Missingness in outcomes was associated with multiple demographic variables. These associations could not be generalised, preventing a systematic approach to dealing with missingness and indicating that domain knowledge is required. The identified associations may induce bias, meaning that multiple imputation may be beneficial for analyse using this data source - or other similar surveillance data. Our findings should be used to motivate the use of imputation and to inform the specification of imputation models that include auxiliary variables.

Keywords

Tuberculosis, surveillance, missingness, imputation

Reproducibility

Repository structure

The repository is structured as an R package. It has the following structure:

  • data-raw: Raw data processing.
  • data: Processed data.
  • R: Supporting R functions.
  • docs: Documentation for R code.
  • vignettes: Analysis paper, results, and analysis plan.
  • peer-review: Documentation required for peer review.

Manual install

git clone https://github.com/seabbs/ETSMissing.git
  • Once this has been downloaded click on the project file (ETSMissing.Rproj).

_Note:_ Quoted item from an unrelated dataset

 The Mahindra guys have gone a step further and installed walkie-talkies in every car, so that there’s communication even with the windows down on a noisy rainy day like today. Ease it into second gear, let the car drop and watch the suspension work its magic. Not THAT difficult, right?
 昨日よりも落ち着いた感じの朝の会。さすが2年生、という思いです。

  • Install the analysis dependencies and build the package using the following. To enable more robust reproducibility consider using the checkpoint package versioned locked to R 3.6.1.

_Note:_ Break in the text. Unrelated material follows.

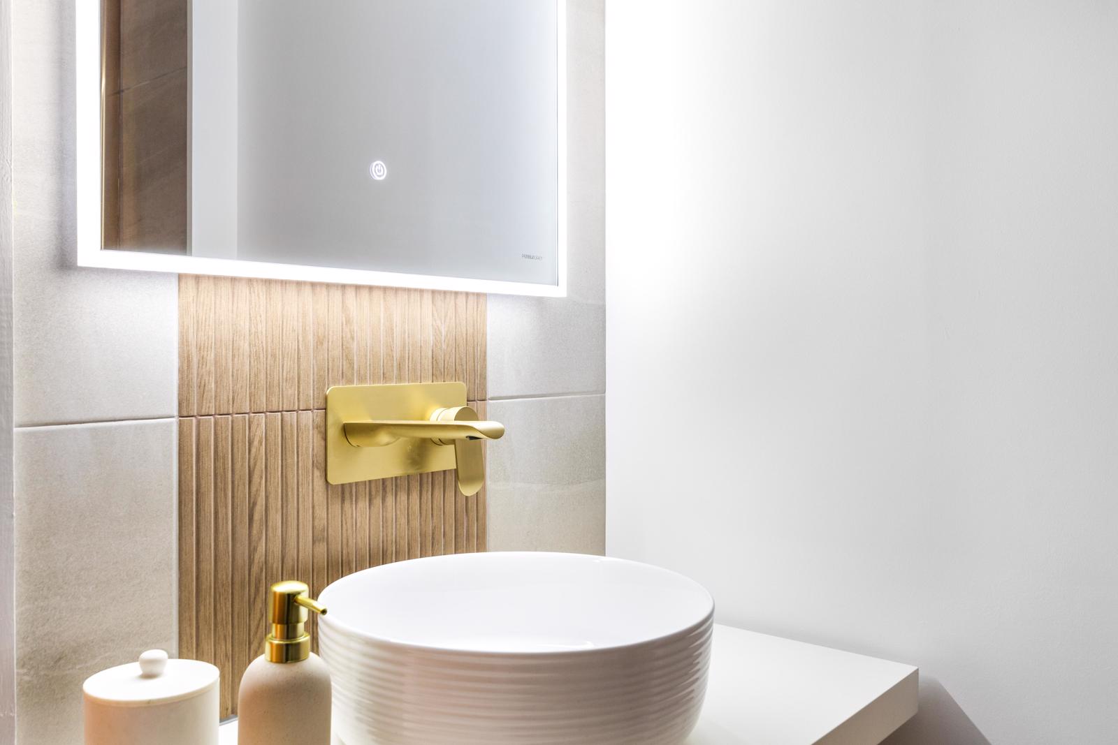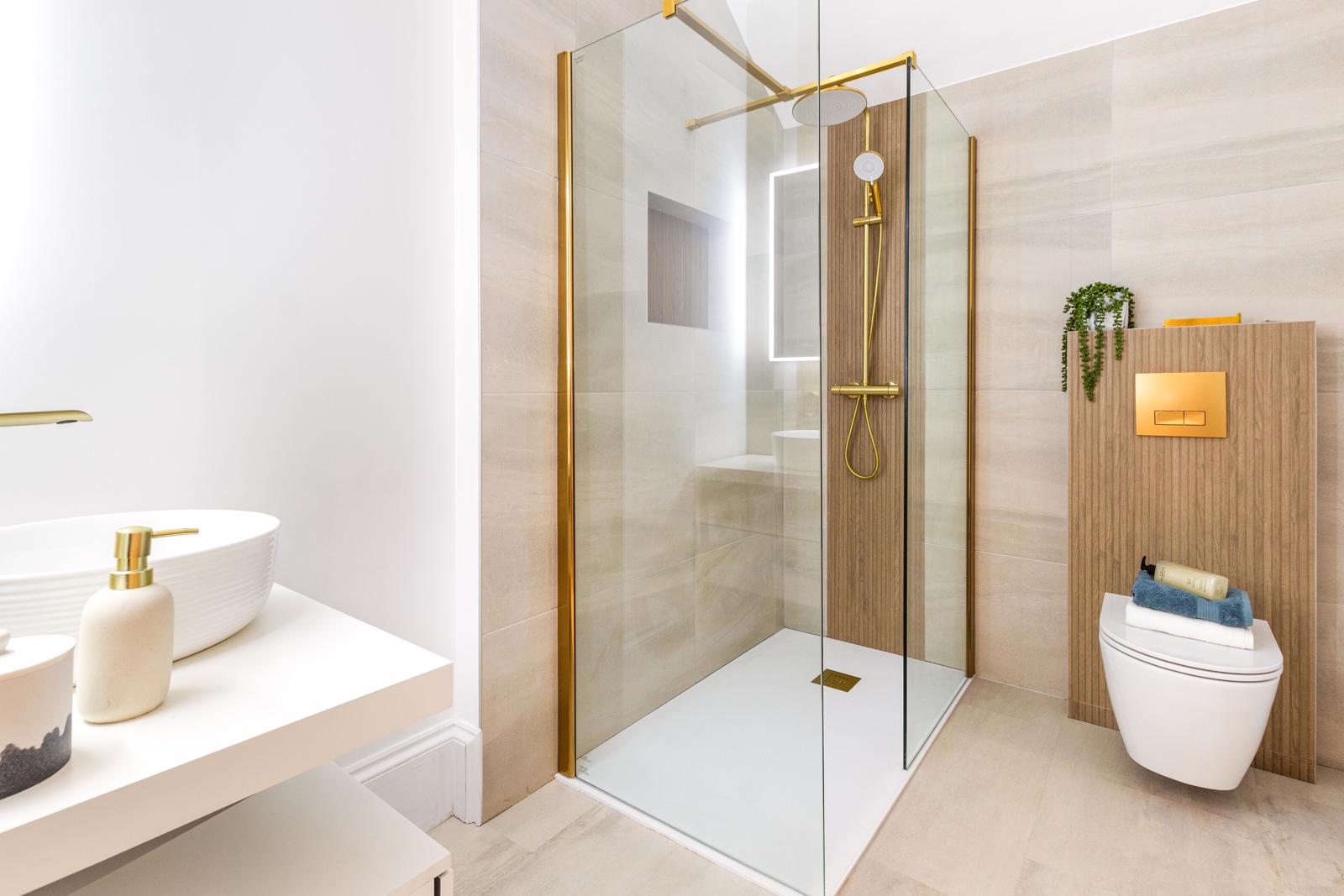 Stylish bathroom with shower, wash hand basin, vanity unit and LED mirror

#install.packages("devtools")
# To build locally
devtools::install_dev_deps(dependencies = TRUE)
devtools::install()
# Alternatively to remote install
devtools::install_github("seabbs/ETSMissing", dependencies = TRUE)
  • Load the analysis results by running vignettes/paper.Rmd. Alternatively the complete analysis (along with documentation) can be reconstructed using make in the project root directory.

  • See data-raw for data processing and the documentation for implementation details.

Docker

This analysis was developed in a docker container based on the tidyverse docker image. To run the docker image run:

docker run -d -p 8787:8787 --name etsmissing -e USER=etsmissing -e PASSWORD=etsmissing seabbs/etsmissing

The rstudio client can be found on port :8787 at your local machines ip. The default username:password is assessbcgpolicychange:assessbcgpolicychange, set the user with -e USER=username, and the password with - e PASSWORD=newpasswordhere. The default is to save the analysis files into the user directory.

If you have access to the required underlying raw data (see tbinenglanddataclean) then the entire analysis can be reproduced from scratch by adding the following to the docker run command, with the data saved into data/tb_data. The data requirements, and structure, can be found here.

--mount type=bind,source=$(pwd)/data/tb_data,target=/home/ETSMissing/data/tb_data

Alternatively the analysis environment can be accessed via binder.